Greater Manchester is the most high profile example of a devolution deal but different deals are being agreed in a variety of places up and down the country. 

Coming at a time when both health and social care are feeling the combined strain of tightening finances and an ageing population, with increasing numbers of patients living with multiple complex conditions, it isn’t just the cynics that have suggested that the devolution of powers from central government to local leaders may leave local leaders accountable for service failures and spiralling financial deficits. Some of those who are even more cynical have suggested that this was the intention behind the policy. So what is the truth about devolution and what will it really mean for the NHS?

One could surmise that devolution of health provision was not really on the cards at the outset of the devolution policy. A quick word count of the first draft of the Cities and Local Government Devolution Bill didn’t feature the words ‘Clinical Commissioning Group’ and the ‘NHS’ did not do much better. It seems that the potential implications for health devolution may have been an afterthought, for a policy that has mainly being lauded as part of a drive to self-sustaining and more autonomous local government. The full potential implications of the Bill on health became better understood as it progressed through Parliament and led to the drafting of some extremely crucial protections. 

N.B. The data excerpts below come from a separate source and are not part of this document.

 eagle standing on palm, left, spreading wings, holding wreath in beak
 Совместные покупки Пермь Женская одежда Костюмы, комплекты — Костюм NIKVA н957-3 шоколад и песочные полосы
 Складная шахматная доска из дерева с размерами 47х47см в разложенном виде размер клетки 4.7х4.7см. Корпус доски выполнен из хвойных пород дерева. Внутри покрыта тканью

The C&LG Devolution Act does not force devolved arrangements on to any local area. The Act is a piece of enabling legislation that requires Secretary of State and a Parliamentary affirmation in order to sign off any transfers of power. Furthermore, local areas have to go through the process of agreeing a deal with central government regarding the specific responsibilities they want to take on locally, and in the case of any proposed transfer of health functions, the deal also has to have the agreement of NHS England. To further stifle concern, it is clear that with regards to health, we have not necessarily seen a sudden, huge demand from local areas, asking to have substantial elements of health in their deals and it is apparent that many are keen to see how Greater Manchester pans out first.

The area of greatest concern to our members was around those aspects of the Act which  makes joint decision-making between a local authority and CCGs more practicable, by enabling commissioning functions and financial resources to be transferred to joint commissioning boards, but with accountability arrangements unchanged (i.e. existing accountabilities would be retained by NHS England and CCGs). However, this kind of joint planning and budget pooling isn’t anything new, as Section 75 of the NHS Act 2006 already allows local authorities and NHS CCG budgets to be shared, most notably demonstrated by the Better Care Fund. However the scope of Section 75 is limited to resource sharing between NHS CCGs and Local authorities.

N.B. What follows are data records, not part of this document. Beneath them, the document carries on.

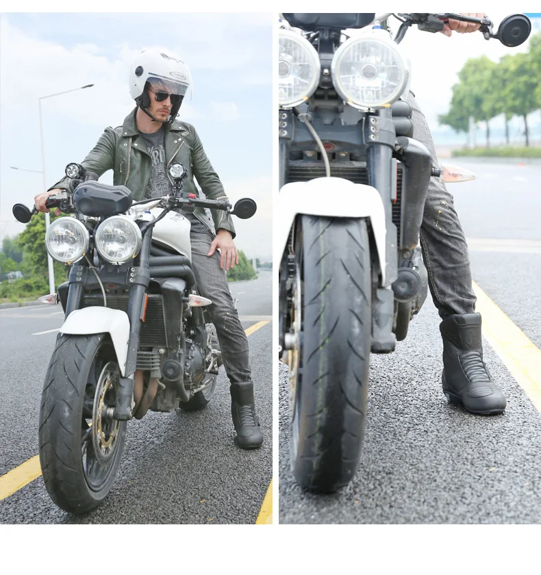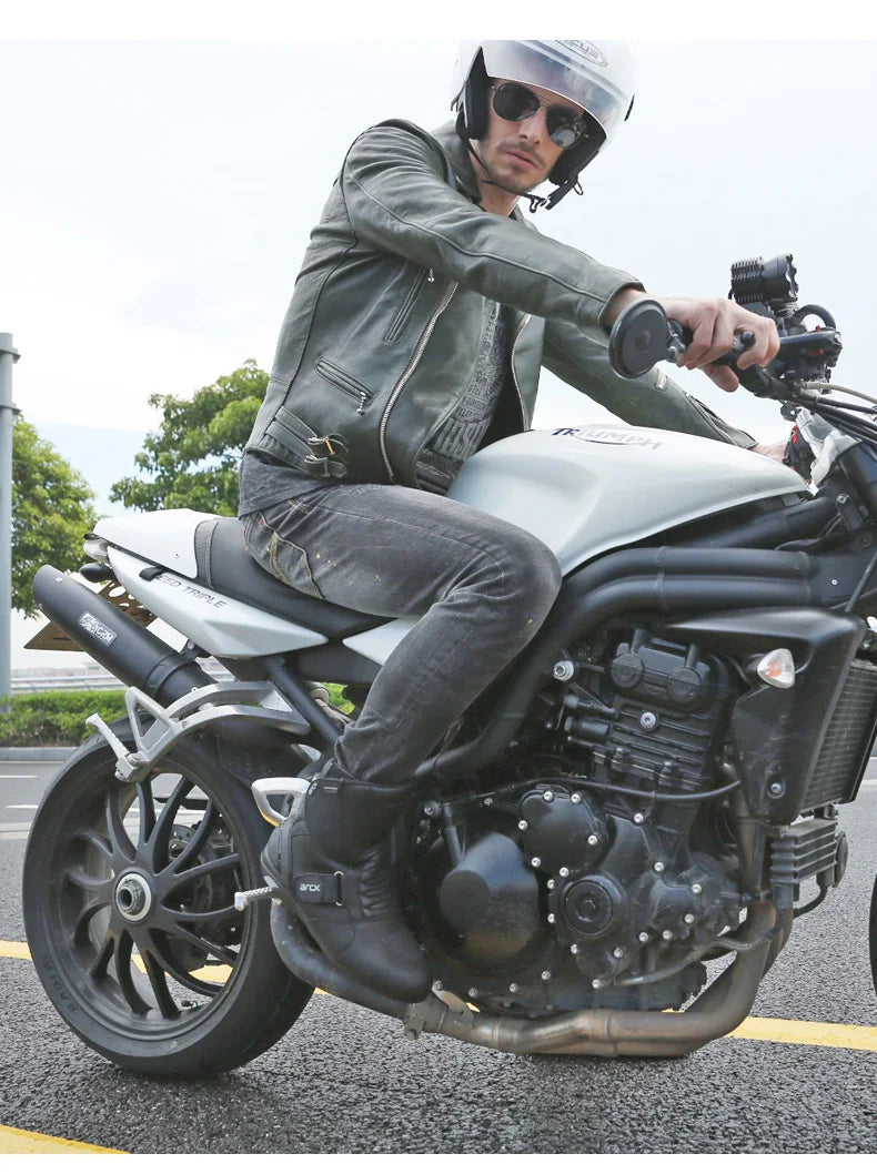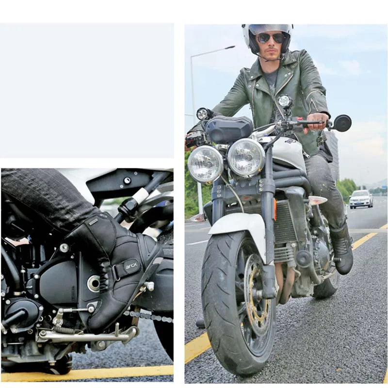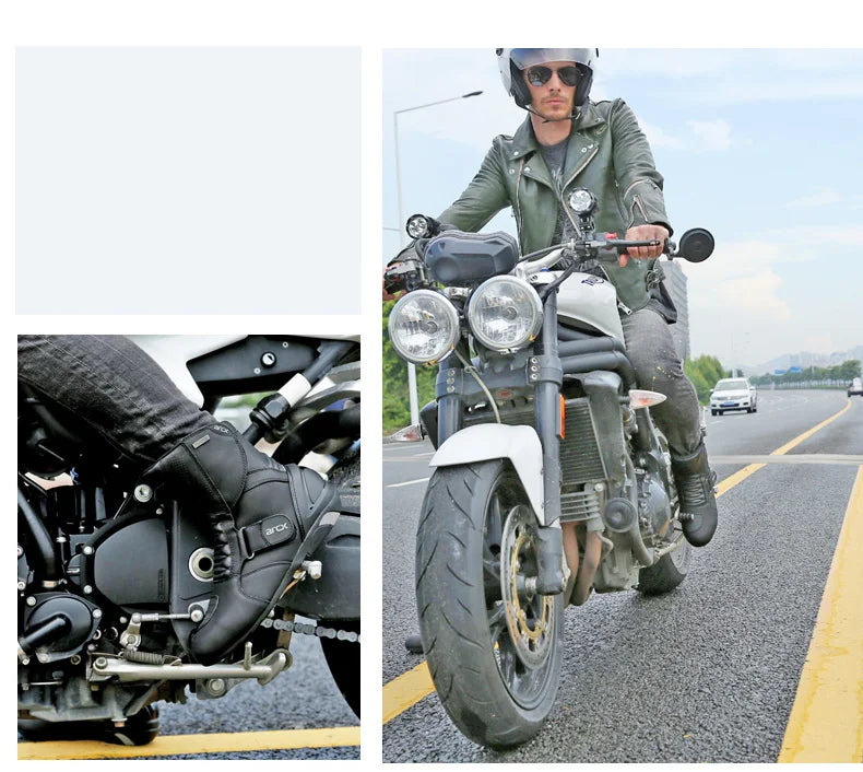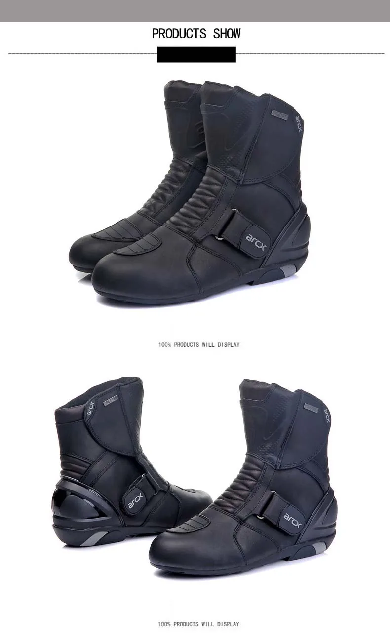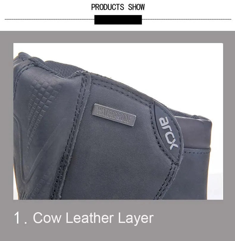 ARCX Motorcycle Boots Genuine Cow Leather Motocross Boots waterproof Moto Boots Motorbike Riding Boots Black Botas Moto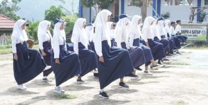 Puluhan siswa-siswi SMPN 4 Satap Telaga Biru antusias mengikuti pelatihan yang dipimpin langsung oleh personel Satgas TMMD. Program ini bertujuan utama untuk menanamkan nilai-nilai disiplin, mental kejuangan, dan rasa cinta tanah air sejak usia dini.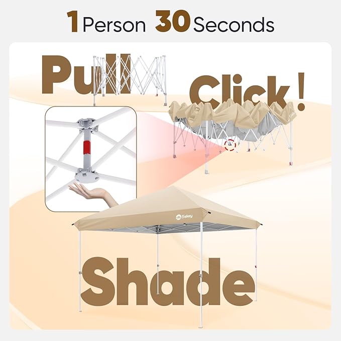 Sekey 10x10 Pop Up Canopy with One Push Setup-Easy Up Canopy with 99% UV Blocking - Instant Outdoor Sun Shade for Events, Parties, Camping- Commercial Gazebo with Weight Bags,Wind Proof&Waterproof

The provisions in the act allows this to be taken a step further, recognising  the scope of some devolution plans may make it necessary to transfer functional responsibilities from a public authority such as a government department or NHS England, to a combined or local authority. The Bill sets out that this would be bought about by an order from the Secretary of State and says that it would be accompanied by a corresponding transfer of duties, accountabilities and resources. 

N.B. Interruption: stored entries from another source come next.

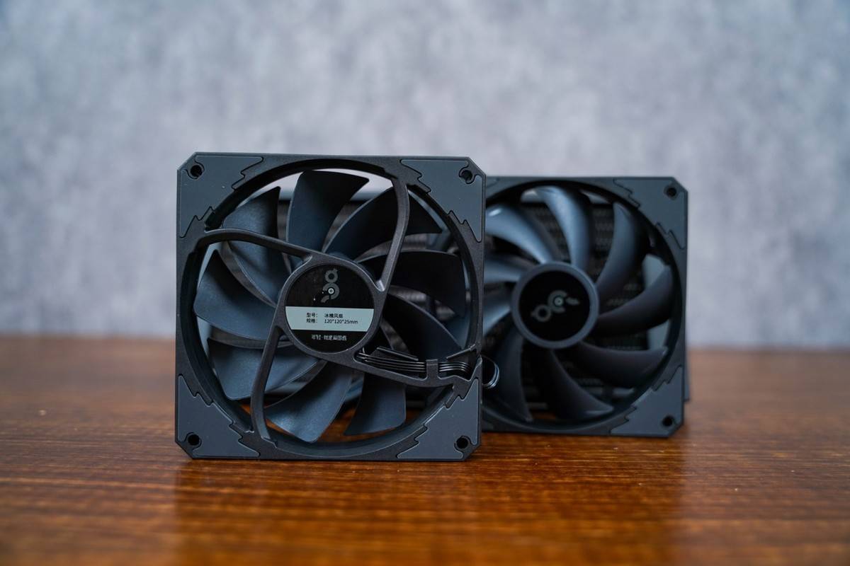 散热风扇采用2个无光的液压轴承的PWM风扇,风速600-2000转速,最大风量为81.5CFM。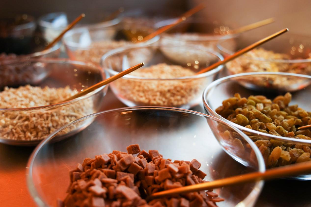 除了產品口味、形式上的革新,探魚的lab店還新增了“DIY”專區(qū)。茶水、水果、涼菜、冰粉都可以在DIY區(qū)根據自己的口味隨意搭配,增加了消費者在用餐過程中的可玩性。值得一提的是,探魚的DIY冰粉取消了目前市場中常見的或固定或多樣的搭配方式,為消費者提供了3種冰粉基底,18種各色配料,搭配方式和用量全部由消費者自己選擇。不同口味質地的配料為消費者提供了至少17000+種配比方式,這樣的設置潛在性地增加了用餐的社交功能,在整個就餐過程中,消費者被擁有了“體驗者”與“傳播者”的功能性身份,擁有了一場“就餐+游戲”的個性體驗。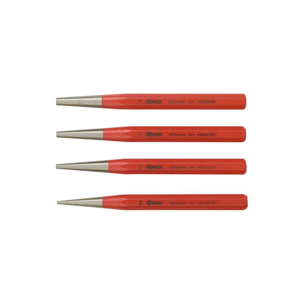 Set od četiri probojca različitih veličina, napravljenih od hrom - molibden - vanadijum vazdušno ojačanog čelika i kaljene udarne glave.

This provision will potentially allow some local areas to have much greater control over the planning and delivery of services that are currently outside the remit of local authorities and NHS CCGs, particularly those held by NHS England which has responsibility for commissioning specialised services. It allows those areas the scope to shape a much wider array of services than current legislation would permit.

Some feared that this would mean local authorities could take on commissioning of health. This has at least partly been addressed and the importance of having a clinical voice in any commissioning decisions has been recognised in the safeguards in the bill that ensure that at least one of the prescribed bodies that form part of a joint commissioning board, must be a CCG. 

Adopting a broader focus

These provisions are seen by many as a new opportunity to do things differently and to take a broader focus across the range of services that affect the health and wellbeing of their local populations. The extent they make use of this will depend on the specific local situation. The Greater Manchester deal, for instance, will include funding for specialised services, devolved from NHS England. Other examples from the current devolution deals being developed include:

We are aware of other areas, which have asked for place-based multi-year budgets, control of immunisation and screening services; control of NHS estate; support to buy out a private finance initiative (PFI) scheme; and increasing financial allocations.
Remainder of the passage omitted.